TRUTH IS the first casualty of war. So let's start with some undeniable truths. It is true that some of the most dangerous criminals in Jamaica have been chased out of their enclave in Tivoli Gardens. It is true that gunmen who used to openly and brazenly walk the streets of Tivoli with their big guns can no longer do so today; that criminal 'soldiers' have had to abandon their fortresses.


It is true that Christopher 'Dudus' Coke has been finally routed from Tivoli, fleeing like a scared cat, and that his presidential palace no longer has any click, after the incomparable military enterprise mounted on Tivoli. It is true that Tivoli Gardens, after so many years, is finally liberated from terrorists who used that base as an axis of evil. Dudus has not been caught but the 'President' has been deposed and his territory occupied by peace-keeping forces.

It is true that if Dudus had simply walked with Rev Al Miller and turned himself in, the criminal elements who had for so long held the people of Tivoli in captivity and wider Jamaica ransom would still be in place today and it would be business as usual.

Those who say that the Tivoli operation have been botched or has been a failure have to reckon with those ineluctable truths. The fact that media reports say people from across Jamaica have been coming to Kingston to collect their dead shows that it is true that Tivoli acted as a command centre for terrorists and that 'shottas' were recruited from all over in this war to defend what street-smart columnist Mark Wignall last Sunday called "easily the most heavily armed and well-organised garrison community".

Criminals terrified

Whatever you say about what happened in Tivoli - whether you feel it was genocide or appropriate action - one thing which can't be denied is that life is totally different in Tivoli Gardens today and those who formerly ruled have been ousted. For the first time in a long time, criminals are also terrified, not just decent citizens. Criminals are on the run. Big, bad dons are clutching on the coat-tails of clergymen and turning themselves in to the police, in deadly fear of their lives. The military onslaught on Tivoli has sent a clear signal to the criminal underworld that they are no match for the state. If they ever thought they could take on the state and win, now they know.
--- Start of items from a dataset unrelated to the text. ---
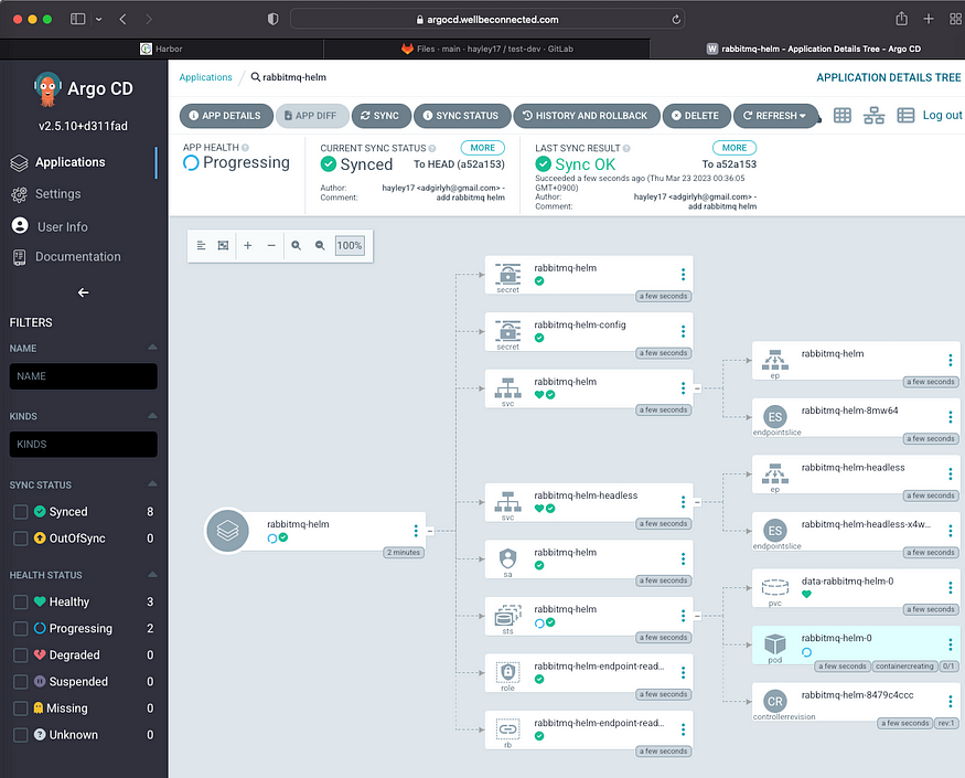다시 SYNC를 맞추면 ArgoCD 가 자동으로 깃 저장소의 YAML파일 기준으로 쿠버네티스 오브젝트를 동기화합니다.
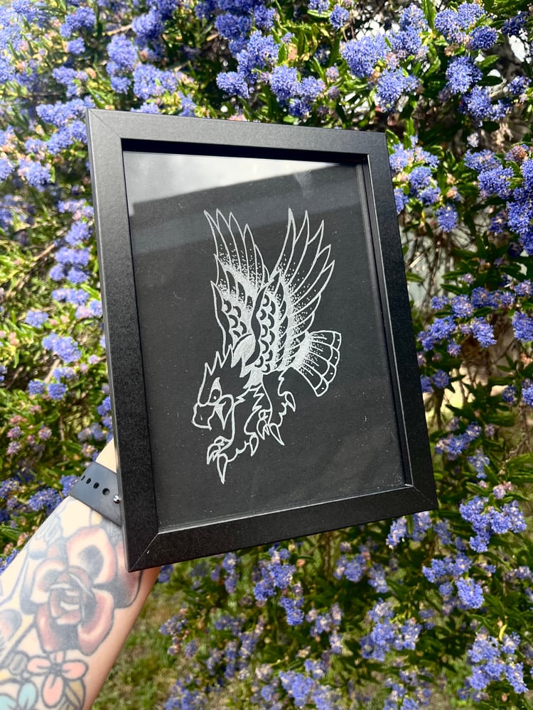 This isn’t just wall art… it’s a statement. Inspired by the bold lines and raw attitude of classic traditional tattoo flash by Kimba tattoos, this hand-engraved eagle captures the power, pride, and no-BS spirit that the eagle has stood for in tattoo shops for generations.
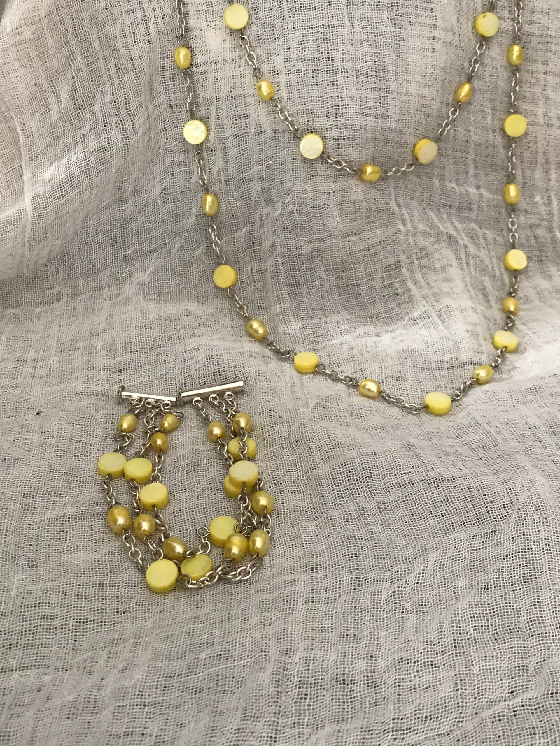 Long Chain Necklace made with small rice and flat round Yellow fresh water pearls.

The firewall that had been so carefully built around Tivoli for so many years was finally breached, and criminals who felt protected all these years - using innocent women, children and youth as a shield, literally and otherwise - were finally thrown to the forces of law and order. We must not underestimate the significance of what has taken place in Tivoli Gardens and its broader socio-political implications.

There is a new wind blowing in Jamaica. There was a time when an operation like the one conducted in Tivoli would have brought out certain people to scream at and try to intimidate the security forces or, more benignly, to "stand up for the poor, innocent black people of Tivoli" faced with "the wicked brutality" of the "PNP-influenced" security forces.

The media would have reflexively and uncritically thrown in their support, with television images of wailing women and shouting men bawling for justice. It would be followed, as night follows day, by commentators and columnists lamenting human rights abuses and "the historical prejudice against Tivoli Gardens".

The tactic worked marvelously all these years while the criminals were safely carrying out their narco trafficking, controlling the wharf, running their extortion ring in downtown Kingston and other places, getting their big state contracts and consolidating their strategic alliances with satellite communities.

While we in civil society were busy defending the human rights of innocents, as we should, criminals were cynically exploiting that to maintain their control. This time the residents themselves were bitterly cursing their political representative for "abandoning" them - indeed, for initiating action "against them". This time the former political representative was seen yelling on television for his successor to call off the action, shut it down and make things return to "normal". You make your judgement.

Many of us in civil society had complained for years that politicians were too corrosively and intrusively involved in directing and influencing the security forces. We have all heard of politicians who would call up police stations to demand that their gunmen be released and who would talk to 'bigger heads' in the police force to ensure that they were released. We have heard of politicians who hired lawyers to defend their gunmen who had committed atrocities to get them in Gordon House.

Political Interference

For years we have longed to see politicians leave the security forces to do their job without any interference. The running up and down of members of Parliament in their garrisons in times of unrest, shouting abuse at the security forces and acting as though they are on steroids, must stop. We must demand that members of Parliament must no longer feel that they have an obligation to obstruct law enforcement officers in the lawful execution of their duties, to score political points with constituents and show that they are in charge.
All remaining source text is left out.